Exercise directions:
Copy word for word the lines in the records below, starting at the line with "TRNDA - SQUARE" and ending at the line with "绿巨能(llano)佳能LP". Skip the pictures.

Data shown:
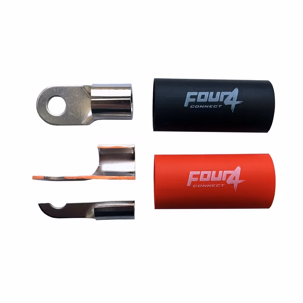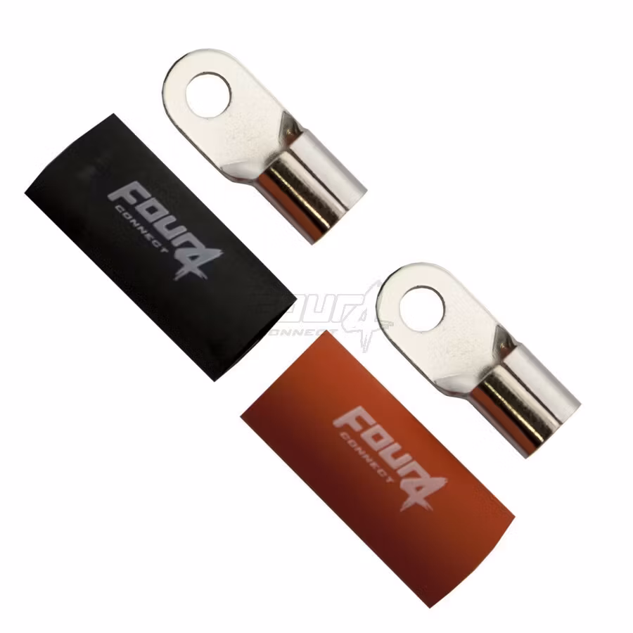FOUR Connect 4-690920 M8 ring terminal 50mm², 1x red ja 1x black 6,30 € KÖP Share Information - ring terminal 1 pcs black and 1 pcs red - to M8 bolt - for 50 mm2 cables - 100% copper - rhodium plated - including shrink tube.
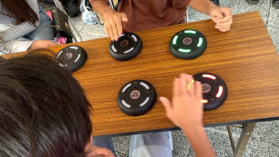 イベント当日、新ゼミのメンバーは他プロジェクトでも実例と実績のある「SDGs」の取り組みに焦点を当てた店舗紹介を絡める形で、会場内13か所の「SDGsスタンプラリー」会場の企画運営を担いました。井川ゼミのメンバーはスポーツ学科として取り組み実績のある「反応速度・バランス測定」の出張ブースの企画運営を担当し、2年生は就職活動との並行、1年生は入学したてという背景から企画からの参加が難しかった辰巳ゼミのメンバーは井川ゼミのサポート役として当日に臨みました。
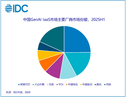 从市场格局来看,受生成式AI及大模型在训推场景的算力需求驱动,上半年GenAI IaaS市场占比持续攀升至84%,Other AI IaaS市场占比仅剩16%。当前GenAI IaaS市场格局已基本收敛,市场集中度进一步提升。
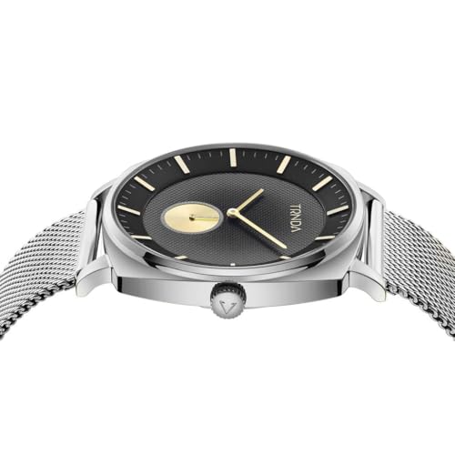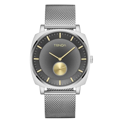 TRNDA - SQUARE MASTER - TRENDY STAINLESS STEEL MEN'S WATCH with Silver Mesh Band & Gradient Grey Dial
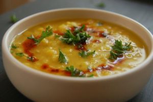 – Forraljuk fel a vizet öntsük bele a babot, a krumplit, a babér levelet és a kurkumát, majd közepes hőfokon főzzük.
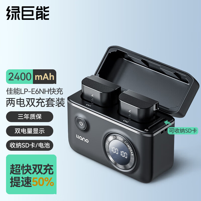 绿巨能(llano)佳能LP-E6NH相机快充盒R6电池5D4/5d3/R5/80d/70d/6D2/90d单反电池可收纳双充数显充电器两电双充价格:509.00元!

* * *

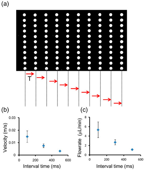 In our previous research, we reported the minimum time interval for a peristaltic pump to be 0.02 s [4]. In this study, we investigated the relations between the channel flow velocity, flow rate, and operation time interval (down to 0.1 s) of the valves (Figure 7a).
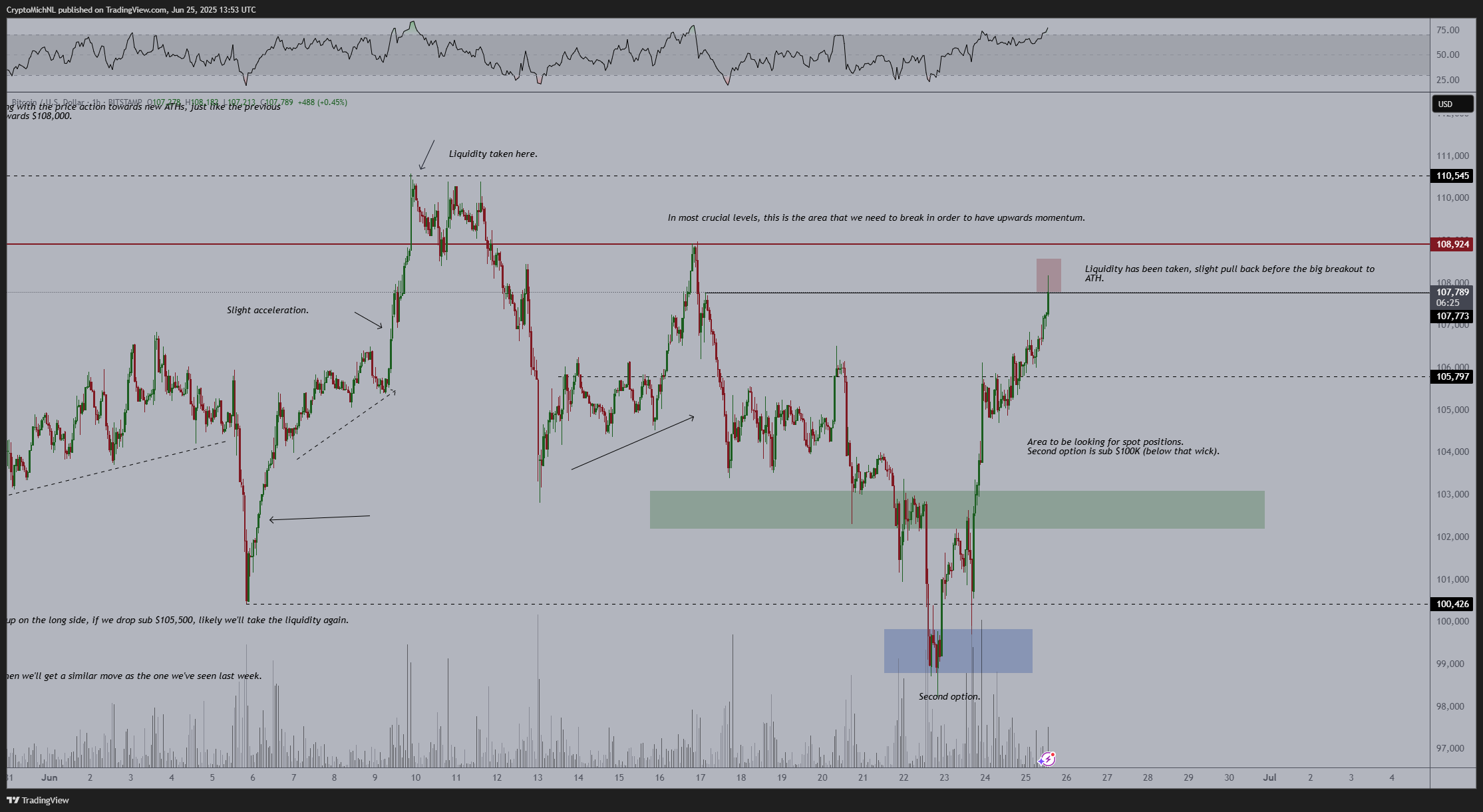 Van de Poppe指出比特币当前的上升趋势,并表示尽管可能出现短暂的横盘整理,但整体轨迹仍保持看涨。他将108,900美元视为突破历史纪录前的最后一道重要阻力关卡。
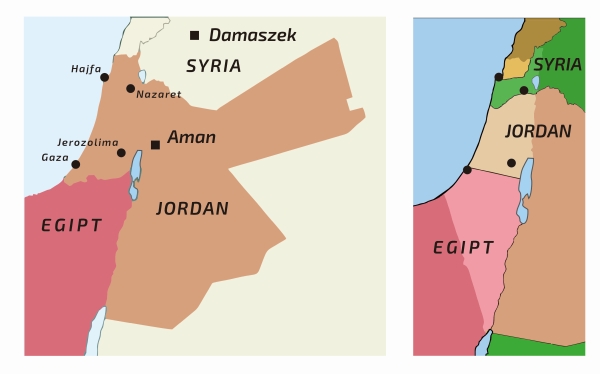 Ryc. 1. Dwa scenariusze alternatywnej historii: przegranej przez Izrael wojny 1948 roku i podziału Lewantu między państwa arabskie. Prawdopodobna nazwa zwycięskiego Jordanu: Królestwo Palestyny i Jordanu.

--

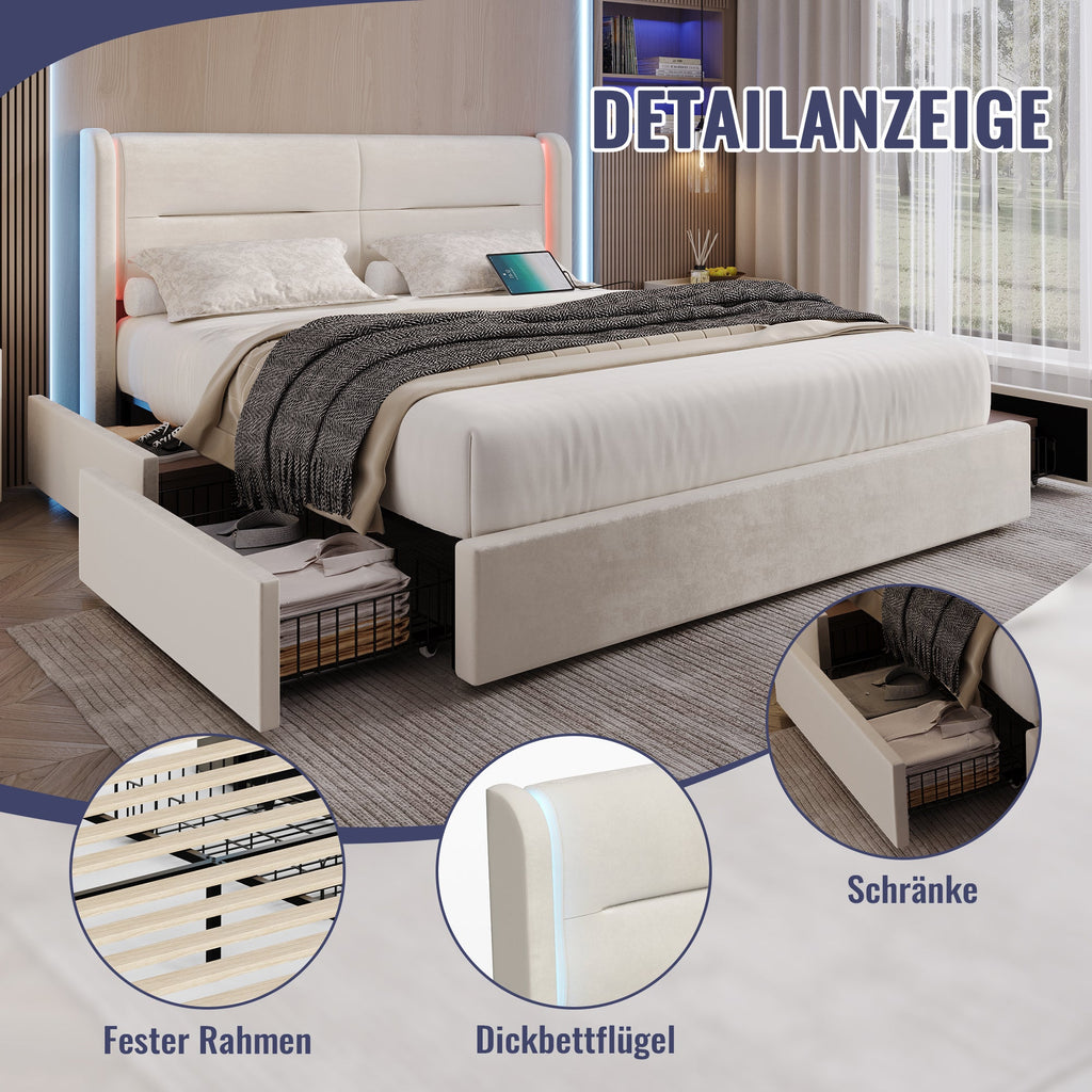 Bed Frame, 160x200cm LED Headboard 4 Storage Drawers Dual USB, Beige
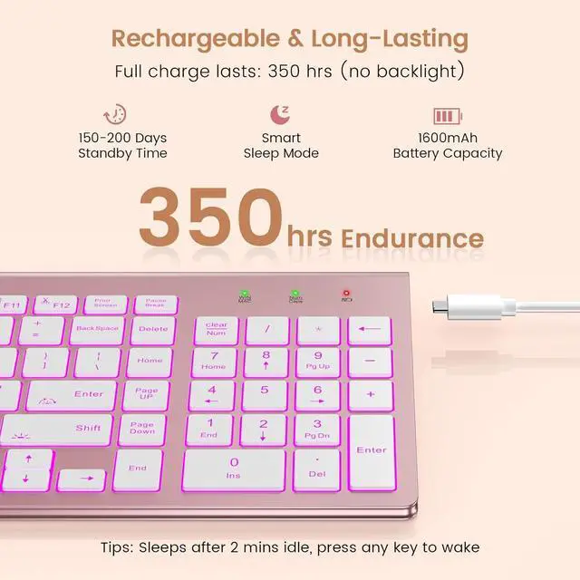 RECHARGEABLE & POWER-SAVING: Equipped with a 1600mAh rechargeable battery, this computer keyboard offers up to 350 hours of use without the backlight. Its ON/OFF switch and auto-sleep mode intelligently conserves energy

Problem solution:
 TRNDA - SQUARE MASTER - TRENDY STAINLESS STEEL MEN'S WATCH with Silver Mesh Band & Gradient Grey Dial
 – Forraljuk fel a vizet öntsük bele a babot, a krumplit, a babér levelet és a kurkumát, majd közepes hőfokon főzzük.
 绿巨能(llano)佳能LP-E6NH相机快充盒R6电池5D4/5d3/R5/80d/70d/6D2/90d单反电池可收纳双充数显充电器两电双充价格:509.00元!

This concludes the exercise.